PLAN PASTORAL

Don Amadeo:

III VIVIR EN COMUNIÓN HACE CREÍBLE EL EVANGELIO

 Jesús nunca estuvo solo

Puestos de relieve estos preámbulos que nos ayudan a interpretar todo lo que nos vamos a encontrar, a partir de ahora me quiero centrar en la comunión eclesial, que tan imprescindible es como cimiento de toda la construcción y presentación del misterio de Cristo. «Que todos sean uno para que el mundo crea» (Jn 17,21).

El Evangelio solo es creíble si sus testigos saben vivir la unidad, la comunión. Pero es importante empezar recordando que el punto de reunión interior de la Iglesia es Cristo. Jesucristo nunca está solo; es «uno con el Padre» ( Jn 10,30) y vino a reunir en la Iglesia «a los que estaban dispersos» ( Jn 11,52; Mt 12,30). La Iglesia es comunión por designio divino.

Como ya hemos recordado, se puede decir que la Iglesia está estructurada en su comunión a imagen y semejanza de la comunión trinitaria. Del mismo modo que en la Trinidad el amor es distinción de personas y superación de lo distinto en la unidad del misterio, así también en la Iglesia, la variedad de personas y dones tiene que converger en la unidad del pueblo de Dios.

La Iglesia, santa y a la vez pecadora, lleva en sus entrañas los signos de un encuentro inaudito entre el mundo del Espíritu y el mundo de los hombres.

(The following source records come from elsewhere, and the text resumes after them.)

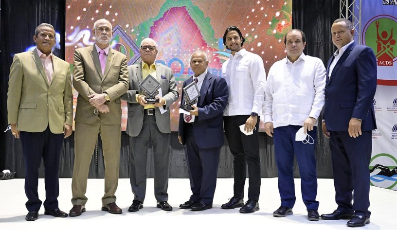 SANTIAGO DE LOS CABALLEROS, República Dominicana (31-10-2021).- El nadador, Josué Domínguez, recordista nacional e internacional y el narrador, Santana Martínez, fueron premiados como atleta y cronista deportivo del año, respectivamente, este domingo, en la gala anual de la Asociación de Cronistas Deportivos de Santiago (ACDS) y Banreservas, realizada en la Gran Arena del Cibao, doctor Oscar Gobaira.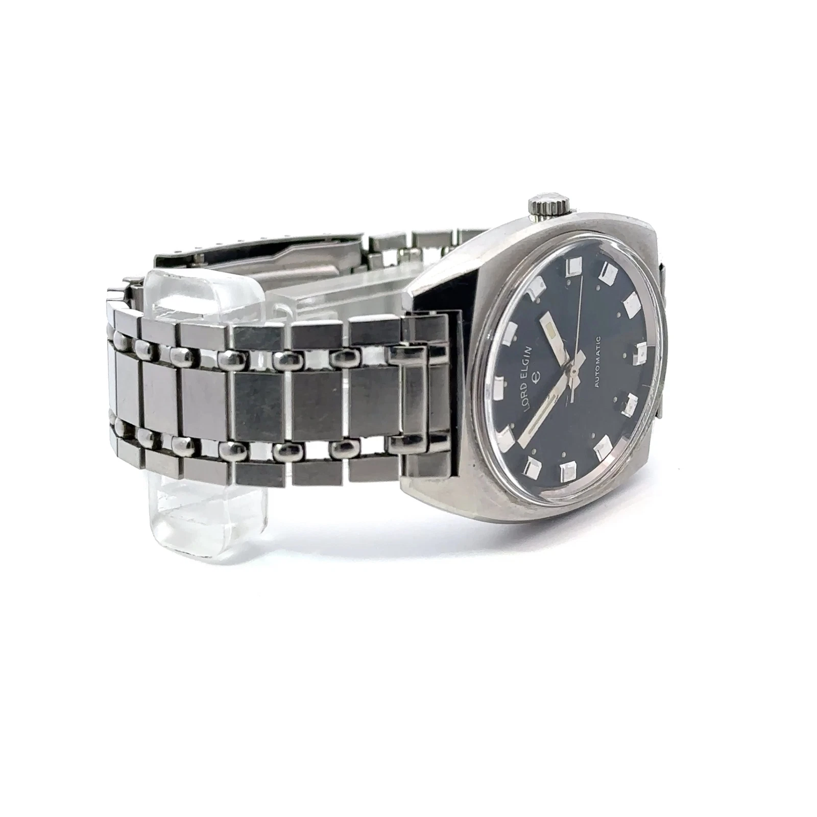 Lord Elgin Watch Stainless Steel Case & Band Black Dial Automatic Mens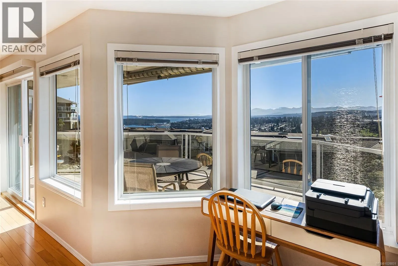 The ultimate ocean & mountain views! Wake to sun drenched morning sunrises & end the day with a dreamscape sunset. The 180 degree vistas are intoxicating. Beautifully maintained 3 bedroom townhome with full ensuite, kitchen with big windows to the views, lots of white cabinets, including pantry, ceramic flat top range & hardwood floors. Livingroom and dining combo allows for many options for furniture placement & full enjoyment of the natural gas fireplace, Master bedroom has full ensuite with jetted tub & separate shower & Large walk in closet. Private door to sundeck. Lower level has 2 spacious bedrooms, full bath, & a family room with access to another ocean view sundeck. Large storage room plus Extra 3rd level storage. Manicured low maintenance yard. Located in the heart of Departure Bay close to the beach, ferries, golf course & shopping Other features - new hot water tank May 2023, Phantom screens, quality designer window blinds, large double garage. 55+ strata, pets allowed. (id:27476)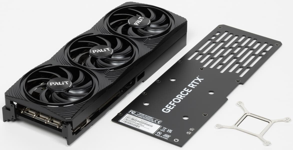 Карта Palit имеет 16-контактный разъем питания версии PCIe 5.0. Хотя в комплекте поставки имеется адаптер-переходник для подключения разъемов питания типа PCIe 2.0 (с 2 таких разъемов), лучше всё же использовать блоки питания стандарта ATX 3.0 с полноценной поддержкой питания PCIe 5.0 (с кабелем 12VHPWR). Карта может понравиться владельцам ПК, не приветствующих подсветку.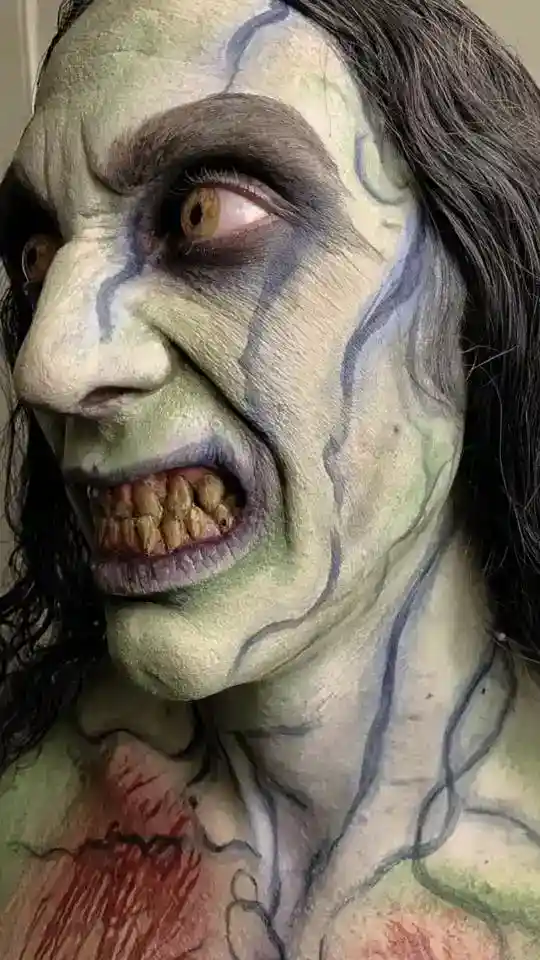 Isn’t it fun to step into character with zombie face paint? The mix of dark shadows and messy teeth gives my face a look that stands out right away.

Por eso, su primera misión es hacer presente en todo tiempo y frente a todas las situaciones el encuentro de Dios con los hombres, tal y como lo realizó Jesucristo encarnado.

La Iglesia, casa y escuela de comunión

La comunión eclesial es el lugar del encuentro entre la historia trinitaria y la historia humana, lugar en el que la una pasa continuamente a la otra para transformarla y vivificarla, y donde la historia de este mundo se dirige a un cumplimiento en Dios. Por eso, vivir en comunión, realizar nuestra misión en comunión no es algo opcional, es una experiencia fundamental que marca nuestra vida cristiana en una espiritualidad muy concreta, la de comunión.

El Papa San Juan Pablo II nos lo recordaba cuando nos invitaba a renovar nuestra acción pastoral para el nuevo milenio y nos invitaba a hacer de la Iglesia la casa y la escuela de la comunión. Nos lo propuso como un gran desafío, si de verdad queríamos ser fieles al designio de Dios y responder también a las profundas esperanzas del mundo.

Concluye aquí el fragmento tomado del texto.